В 1922 году в петроградском издательстве «Колос» вышла первая часть «Очерка развития русской философии» Густава Шпета. Это сочинение остается важнейшим до сегодняшнего дня и почти всегда упоминается в разговоре, если речь заходит о создании национальной истории того, чего в России никогда не было.

Затруднение, с которым столкнулся Шпет как историк русской философии, состоит в следующем. Философию он понимал как знание и науку, но в этом виде она стала приживаться на русской почве только в его поколении. «Очерк развития», таким образом, имел дело не с предметом как таковым, а со смутными следами, который этот вненациональный предмет оставил в многовековой истории российской умственности. Шпет предполагал разрешить это методологическое затруднение во второй части, где должен был обрисовать современное ему состояние российской философской науки, что позволило бы ему вынести жесткие оценки потугам на мысль в части первой. Но вторая часть так никогда и не вышла, а самого Шпета в 1937 году расстреляли в Томске.

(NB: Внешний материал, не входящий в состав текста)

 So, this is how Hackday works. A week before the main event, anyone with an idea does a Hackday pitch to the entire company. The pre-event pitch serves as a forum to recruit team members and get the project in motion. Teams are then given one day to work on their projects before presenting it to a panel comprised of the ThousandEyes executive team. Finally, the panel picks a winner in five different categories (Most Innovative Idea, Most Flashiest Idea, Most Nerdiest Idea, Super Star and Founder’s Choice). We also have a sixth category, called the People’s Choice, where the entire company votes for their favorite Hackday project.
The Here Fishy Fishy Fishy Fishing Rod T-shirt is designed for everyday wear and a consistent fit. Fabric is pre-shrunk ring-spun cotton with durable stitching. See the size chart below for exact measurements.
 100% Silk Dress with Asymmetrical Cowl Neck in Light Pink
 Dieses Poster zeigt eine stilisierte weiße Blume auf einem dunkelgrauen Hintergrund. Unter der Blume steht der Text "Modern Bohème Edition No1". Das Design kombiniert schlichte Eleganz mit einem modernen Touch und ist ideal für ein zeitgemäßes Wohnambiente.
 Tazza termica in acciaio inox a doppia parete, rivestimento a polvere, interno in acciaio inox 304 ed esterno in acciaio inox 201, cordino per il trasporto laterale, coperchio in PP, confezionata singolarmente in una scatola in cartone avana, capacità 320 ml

Проблема, стоявшая перед Шпетом девяносто лет назад, едва ли не в том же виде дошла до наших дней. У Шпета было представление о «нормальной философии», у специалистов, занимающихся сегодня советским периодом, оно тоже имеется. Огромная беда в том, что это представление о норме неизвестно за пределами специализированного сообщества. Гуманитарная норма, содержание которой казалось очевидным в 1990?е годы, снова амбивалентна. Последовательные сторонники нормальной науки в ее западном понимании дрейфуют в сторону новых институций и за границу. В отечественных университетах снова расцветают фантастические гибриды.

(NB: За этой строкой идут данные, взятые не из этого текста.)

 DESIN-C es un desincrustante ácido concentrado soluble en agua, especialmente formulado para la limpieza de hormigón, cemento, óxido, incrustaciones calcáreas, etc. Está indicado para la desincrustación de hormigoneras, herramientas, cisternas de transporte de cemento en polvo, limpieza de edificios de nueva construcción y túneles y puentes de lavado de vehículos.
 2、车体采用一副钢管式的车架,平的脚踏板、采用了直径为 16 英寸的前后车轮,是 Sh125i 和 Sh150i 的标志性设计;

Изнутри академии раздел в понимании нормы может казаться чисто политическим: условные либералы или убежденные левые склоняются к общемировому пониманию нормы, тогда как почвенники и государственники стремятся изобрести на месте истории, философии, социологии и литературоведения очередной велосипед на конной тяге. Но если взглянуть на то, как обрабатывают материал об истории советской интеллигенции и советской гуманитарной традиции в теледокументалистике, то станет ясно, что дело здесь не в политике, а в банальном нежелании разбираться в деталях и погружаться в предмет. Документальных фильмов историко-гуманитарной тематики было в последние годы довольно много, но я остановлюсь только на трех: пятнадцатисерийном «Подстрочнике» Олега Дормана (показан в 2009 году на телеканале «Россия»), восьмичастном «Отделе (шестидесятники)» Александра Архангельского [в 2024 году признан Минюстом РФ иностранным агентом — примеч.ред.] (прошел на «Культуре» в 2010 году) и четырехсерийном проекте Елены Якович «Дочь философа Шпета», с которого «Культура» начала нынешний, 2013 год.

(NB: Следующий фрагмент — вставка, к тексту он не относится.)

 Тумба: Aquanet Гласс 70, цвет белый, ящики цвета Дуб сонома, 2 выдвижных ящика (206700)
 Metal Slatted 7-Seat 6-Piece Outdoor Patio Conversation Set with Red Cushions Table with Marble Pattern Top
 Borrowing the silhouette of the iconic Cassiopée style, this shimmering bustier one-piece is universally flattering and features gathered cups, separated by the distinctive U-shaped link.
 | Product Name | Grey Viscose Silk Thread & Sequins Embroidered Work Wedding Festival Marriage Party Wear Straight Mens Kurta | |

Несмотря на чисто либеральные интенции авторов этих фильмов, в их работах нет даже и намека на поставленную Шпетом проблему. Нельзя сказать, что советское состояние творческих профессий и гуманитарных научных специальностей понимается в этих документальных сериалах как норма — скорее, содержание областей знания, о которых там идет речь, подается настолько туманно, что провести разницу между нормой и отклонением от нее попросту невозможно. В результате рассказ о советской жизни превращается в чередование восклицаний «Ужас-ужас!» и «Ах, какие гении!», но в чем конкретно состоял ужас и что такого гениального создали герои фильма, зрителю не рассказывают. То ли предполагается, что он и так это знает (что вряд ли — особенно в случае Шпета и «Отдела»), то ли имеется в виду, что детали профессиональной деятельности — вещь неважная. Меж тем именно они и должны составлять основу историко-культурных фильмов — если фильмы эти претендуют на нечто большее, чем пересказ биографий хороших московских людей.

***

История «Подстрочника» Олега Дормана хорошо известна: он был другом семьи Лунгиных, долго просил Лилианну Лунгину об интервью, в 1997 году получил ее согласие и начал снимать, но до 2009 года никак не мог довести фильм до телеэфира. Разнообразные советские запреты, которыми изобилует биография переводчицы, красиво переплелись с фактическим одиннадцатилетним запретом (уже российским) самого фильма, что Дорман еще и подчеркнул, отказавшись в 2010 году от ТЭФИ. Другими словами, политический посыл фильма очевиден: «так жить нельзя», специальная версия для творческой интеллигенции. И, в общем, кто бы спорил: действительно нельзя так жить. Но только как было бы жить можно, в фильме не говорится.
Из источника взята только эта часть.